Lottery Scraping for Douban

First, load the lottery data from the hard disk:

load("lottery.Rdata")

Next, load the libraries needed.

library(rvest)
library(stringr)

I’ll show you how to scrape the data of one lottery. You can copy the code and put a for loop to get all the lottery info.

#suppose we select the second lottery in the data
lottery <- overall_lottery[2]
lottery

## [1] "@what2do 发布的抽奖活动「（已报备）老婆们可以帮忙投个小比赛相关的票吗 抽...」（https://douc.cc/2CPZJa），回复该讨论帖参加抽奖，预定于 2023-05-02 00:00:00 开奖，符合条件的抽奖人数共 13 名，中奖人数 2 名。现已开奖！ 中奖豆友为： @momo @算了一起死吧"

To get the lottery info, use the following codes:

link <- str_extract(lottery,"https://.{14}")
lottery_info <- read_html(link) %>% 
  html_node("script[type='application/ld+json']") %>% 
  html_text2()
lottery_info

## [1] "{ \"@context\": \"http://schema.org\", \"@type\": \"Conversation\", \"text\": \"投24小时冲刺班\r 投完截下图抽两个老婆6.6\r 谢谢老婆们老婆们天天开心👉🥺👈\", \"name\": \"（已报备）老婆们可以帮忙投个小比赛相关的票吗 抽两个6.6👉👈\", \"url\": \"https://www.douban.com/group/topic/287728195/\", \"commentCount\": \"14\", \"dateCreated\": \"2023-05-01T16:41:51\", \"interactionStatistic\": { \"@type\": \"InteractionCounter\", \"interactionType\": \"http://schema.org/LikeAction\", \"userInteractionCount\": 0 } }"

You can use the following codes to extract info. from lottery_info.
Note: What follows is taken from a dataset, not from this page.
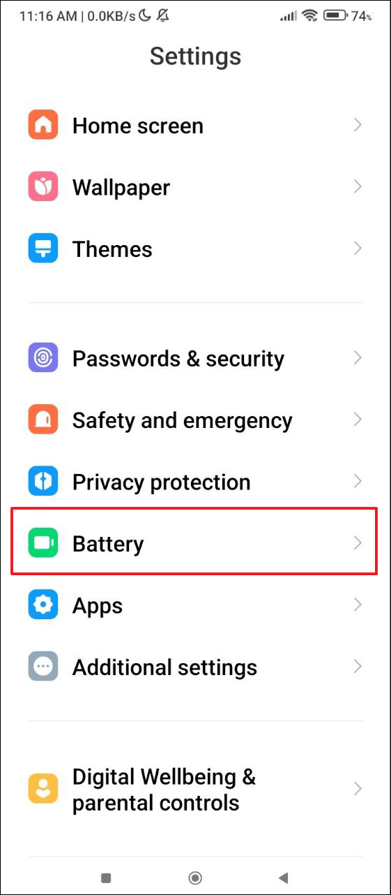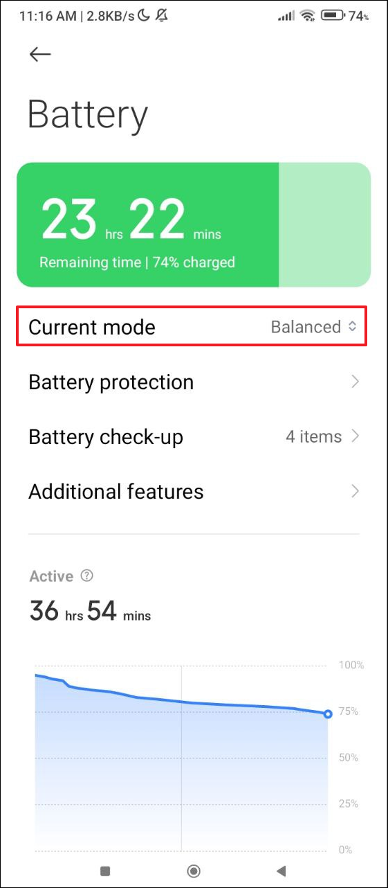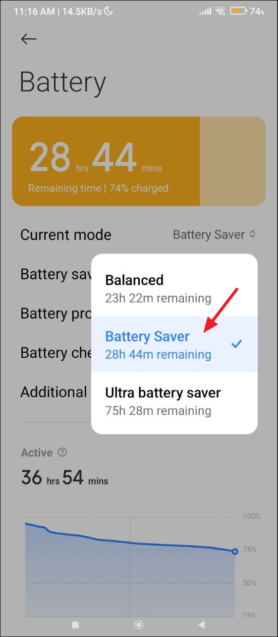 - On the Battery page, tap on 'Battery Saver' or 'Battery Mode'.

# remove all the lines, tabs and extra spaces
lottery_info <- gsub("[\n\"\r\t\\s+]","",lottery_info)
lottery_info

## [1] "{ @context: http://chema.org, @type: Converation, text: 投24小时冲刺班 投完截下图抽两个老婆6.6 谢谢老婆们老婆们天天开心👉🥺👈, name: （已报备）老婆们可以帮忙投个小比赛相关的票吗 抽两个6.6👉👈, url: http://www.douban.com/group/topic/287728195/, commentCount: 14, dateCreated: 2023-05-01T16:41:51, interactionStatitic: { @type: InteractionCounter, interactionType: http://chema.org/LikeAction, uerInteractionCount: 0 } }"